Нет, не снилась мне в эту ночь Волшебная Страна. Не спал я. Не мог. Желудок, раскисший от «кефирной диеты», не принял высококачественное разнообразие «сухого пайка» Татьяны, и я, стиснув зубы от дикой боли, чтобы даже не пикнуть, почти всю ночь промучился на унитазе. В редкие минуты просветления, когда боль чуть затихала, в моей голове начинал навязчиво прокручиваться эпизод из «Крестового похода детей» Курта Воннегута. Почти тоже самое, что и со мной, случилось с пленными американскими солдатами во время Второй мировой войны. Неделю немцы везли их в крытом вагоне без пищи — а в лагере, куда американцев в конце концов доставили, их ждали английские летчики, по доброте душевной и с помощью Красного Креста накрывшие стол… И ни у меня, ни у американцев никаких лекарств не было. Но они могли хотя бы орать, а я даже воду из бачка старался спускать осторожно. Будь оно проклято мое воспитание!
Утро я встретил в сумеречном состоянии зомби. Серо-желтое лицо, застывший взгляд, полное отупение. Желудок, наконец, успокоился, но спать я себе позволить уже не мог — через час мои гости должны были проснуться и идти в Центр по делам беженцев устраиваться на работу. Представив лицо Елены, когда она появится на кухне и увидит на полу измученного поносом храпящего писателя, я спустил матрас, скатал его и умылся холодной водой.
Ледяная вода на некоторое время прочистила мозги, и я смог не только увидеть себя в зеркале, но и воспринять увиденное. Не помню, кто из мастеров кисти писал картину «Положение Христа во гроб», но натурщика он выбрал плохого. С меня надо было писать!
Я сел за стол и заставил себя перечитать концовку рукописи. Сваренные вкрутую второй бессонной ночью мозги слабо затрепыхались, в них со скрежетом сдвинулись шестеренки, и я, впав в привычный писательский транс, увидел, что случилось в Волшебной Стране дальше.
— Пиши, — грозно сказал Лет, бросил перед Жилбылом пачку листов и водрузил на стол чернильницу.

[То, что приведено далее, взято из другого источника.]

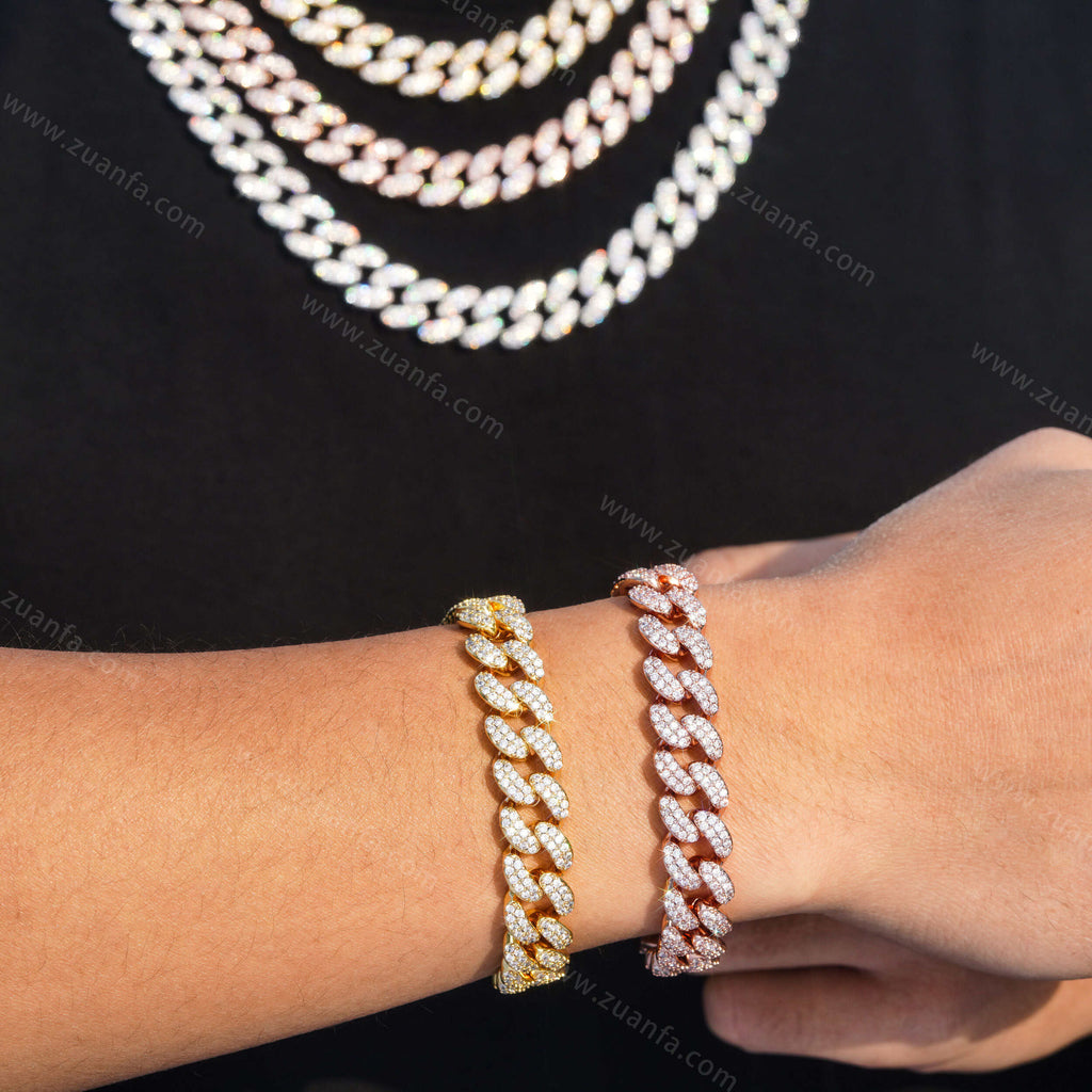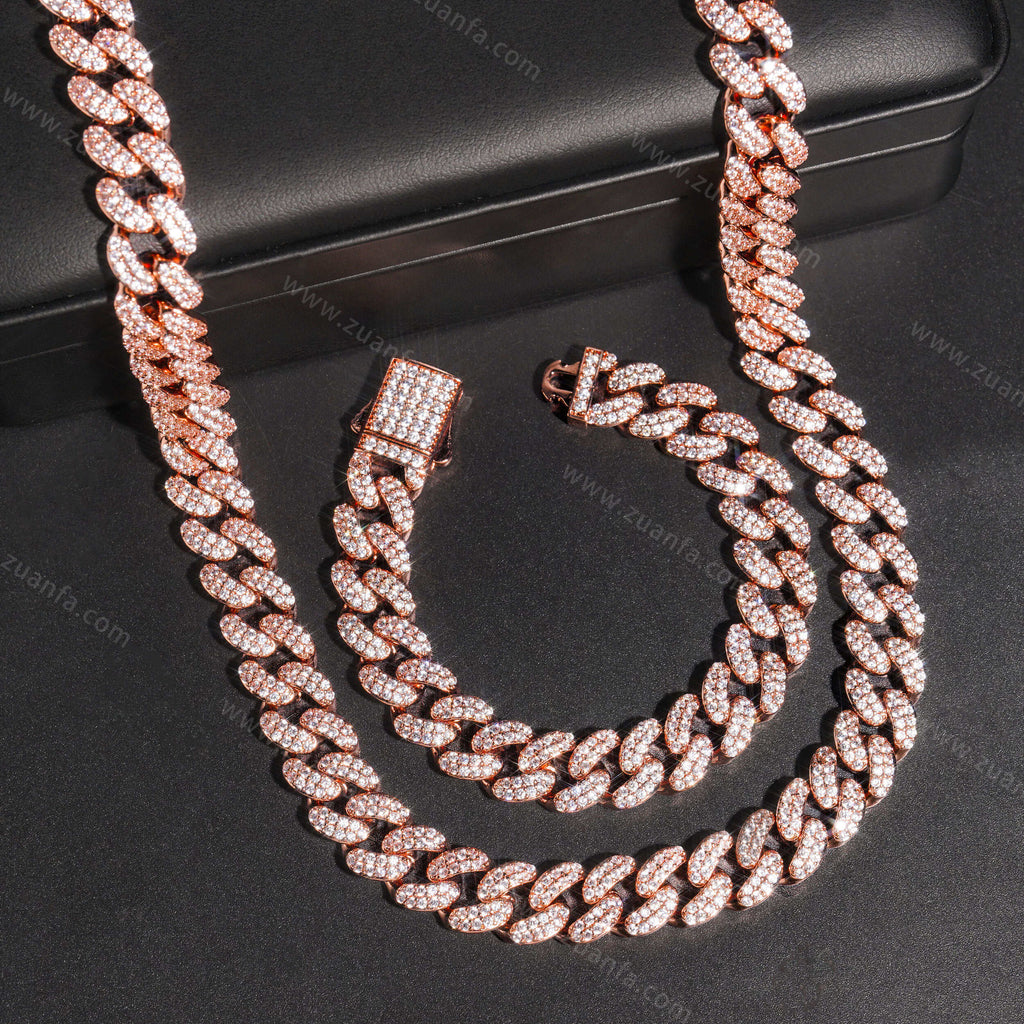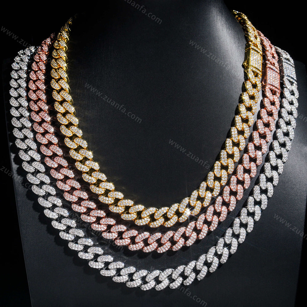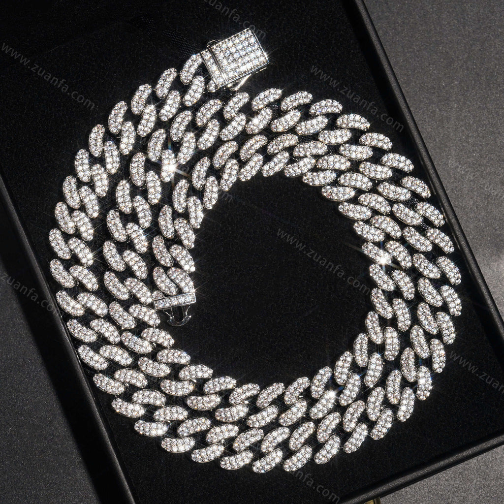 Zuanfa exclusive 12MM Iced Out Diamond Two Rows Cuban Link Chain is now available, made of Brass and plated with a thick layer of 18K Gold.

Из добродушного, стеснительного хранителя рукописи Лет превратился в сурового надсмотрщика. И хотя внешне он почти не изменился, лишь глаза из янтарно-желтых стали кроваво-красными, но степенная размеренная походка, повелительный тон сухой речи и равнодушный уничижительный взгляд, приобретенные им при слиянии двух частей Волшебной Страны, преобразовали Лета в совершенно другое существо. Теперь он не заглядывал через плечо Жилбыла, стараясь подсмотреть, что тот пишет. Появились у Лета новые обязанности. Тюремщика. Неторопливо, со знанием дела, он плел крепкую сеть паутины между колоннами беседки.
Жилбыл обмакнул в чернила перо и замер в нерешительности над чистым листом бумаги. Что писать он не знал. Склеенная лишь бы как Линза уродливо, с безобразным искажением, показывала сразу несколько уголков Волшебной Страны.
Где-то на болотах Темной половины трое вурдалаков пекли над костром нанизанную на вертел тушу топотуна. Старший из них, седой и плешивый, с обрюзгшим свиным рылом, угрюмо вращал вертел, а двое других, помоложе, но ничуть не краше, сидели по обе стороны от костра и, вперившись в тушу голодными глазами, пускали слюни.
Один из них монотонно бубнил:
— Гляди, не пережарь… Чтоб с кровью было…
Другой молчал, но его руки то и дело непроизвольно тянулись к туше. Старый вурдалак был начеку — бесстрастно, однако отнюдь не скупясь, он охаживал молодого дубиной по спине. Тот екал и отдергивал руки.
С каждым поворотом туши все повторялось.
— Чтоб с кровью…
— Е-ок!
Шипение на углях слюны, вылетевшей от удара изо рта нетерпеливого вурдалака, скрип вертела по деревянным рогулькам.